There were three commissioners who assisted Don
Drummond: Dominic
Giroux, Susan Pigott and Carol Stephenson. According to the report they
"brought to this work long and varied experience and keen minds that
added enormously to the quality of our thinking." But whose interest
does this experience and
these qualities serve?
The displaced Ontario and Quebec Bell operators know
well the
experience and quality of the thinking and work of Carol Stephenson.
Ms. Stephenson began her career at Bell Canada in 1973. She rose to a
number of executive positions at the company, including Vice President
of Bell Canada and President
and Chief Operating Officer (Americas) of BCE Media. She left BCE in
1999. The last year of her "quality" work was implementing cuts and
attacks on the livelihood, wages and pensions of the 3,400 Bell
operators in Ontario and Quebec. She brought the experience of
attacking workers' resistance and organizations
to the Drummond Commission. Stephenson has brought from the private
sector the template for labour relations and compensation to the public
sector in Ontario through her role as commissioner. The Bell operators
have their experience with her and fought to oppose monopoly right over
the years of her reign.
The college part-time
workers have recent experience with a
government that implemented unilateral anti-worker changes to labour
relations and the delivery of services. The McGuinty government is no
stranger to these recommendations. College workers continue to fight
for the right to unionize. Full-time faculty
and support staff, seeking wages and working conditions commensurate
with the work they do, are familiar with a government that refuses to
work with them, impose offers, squashes collective bargaining and
negates their union bargaining committees for months on end over the
past three years.
The aim of this government
has been to change the
delivery of
services and alter the labour relations by denying the rights of the
workers, doing away with good faith bargaining of collective agreements
and undermining the learning conditions of the students by destroying
the working conditions of the education
workers.
Such is the present experience over the past eight
months of the
University of Toronto (U of T) teaching assistants who have been facing
obstruction by the U of T administration. This administration is
pleased to implement the Drummond report recommendations in advance by
threatening to unilaterally impose
their offer of concessions including cuts to research grants, rather
than negotiate. This has been the recent tenor labour relations in
Ontario.
When the Drummond Commission says, "Any
government wanting to change the delivery of services must work with
the people who deliver those services and with the unions that
represent those people," it does not uphold public right, neither does
it defend the right of workers to a livelihood.

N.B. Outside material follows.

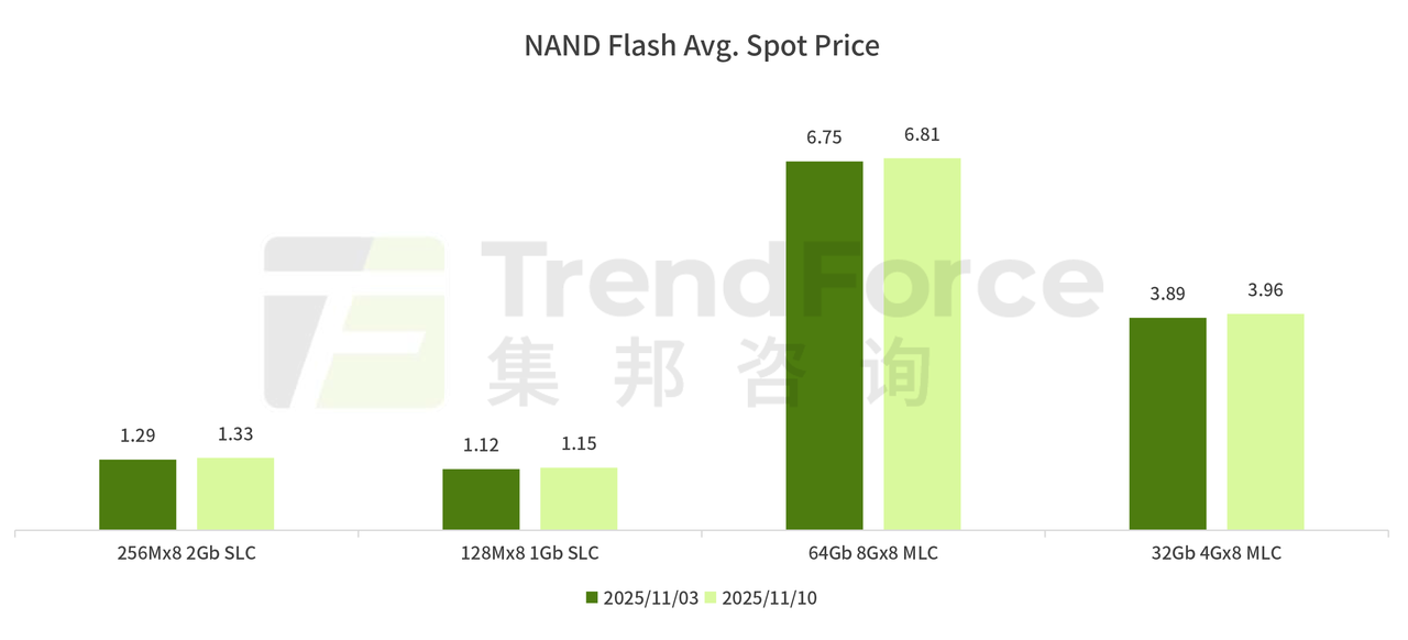 而NAND Flash得益于合约市场强势拉动,现货市场氛围进一步升温,价格上涨幅度及报价频率均显著增加。由于中小型买家难以通过原厂取得货源,转向现货市场采购的需求明显增温。然而,现货供应相对稀缺,持货商普遍看好后市走势,延后出货、惜售情绪浓厚,导致成交量有限但价格持续上扬。

Public Sector Workers Add Value to the Economy
The
recommendations on labour and compensation say that labour is a cost.
Labour is not a cost. Ontario public sector workers add immense value
to the economy without which a modern standard of living would be
impossible.
Stating that labour "costs" count for half of the
spending, the
Drummond report calls for "moderation in the growth of public sector
total compensation whether through base wages; premium payments such as
overtime, shift premiums, merit pay or movement through 'grids'; or
pension costs."
"Modernization" is a code word for denial of rights. It
must be resisted.
Mr. Drummond is a representative of the financial
oligarchy. In this
section of the report, he legitimizes the McGuinty government's wage
freeze which has resulted in wage cuts for the majority of the workers
it has affected when the cost of living is included in the calculation.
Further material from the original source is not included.